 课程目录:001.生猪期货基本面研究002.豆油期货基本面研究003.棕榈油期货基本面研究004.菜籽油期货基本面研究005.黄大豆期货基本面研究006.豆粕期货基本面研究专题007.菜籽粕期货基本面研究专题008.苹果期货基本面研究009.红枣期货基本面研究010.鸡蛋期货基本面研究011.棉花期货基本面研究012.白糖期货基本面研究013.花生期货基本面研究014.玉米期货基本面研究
------
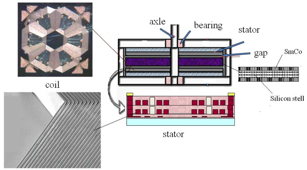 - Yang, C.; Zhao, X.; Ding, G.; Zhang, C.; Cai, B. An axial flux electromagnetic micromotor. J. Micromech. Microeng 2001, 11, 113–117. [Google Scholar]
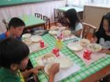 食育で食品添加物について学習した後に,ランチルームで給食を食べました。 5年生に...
------
Exercise prompt => Range to copy from the listing above: the line with "- Yang, C.;" through the line with "食育で食品添加物について学習". Transcribe it exactly and skip the pictures.

Task solution =>
 - Yang, C.; Zhao, X.; Ding, G.; Zhang, C.; Cai, B. An axial flux electromagnetic micromotor. J. Micromech. Microeng 2001, 11, 113–117. [Google Scholar]
 食育で食品添加物について学習した後に,ランチルームで給食を食べました。 5年生に...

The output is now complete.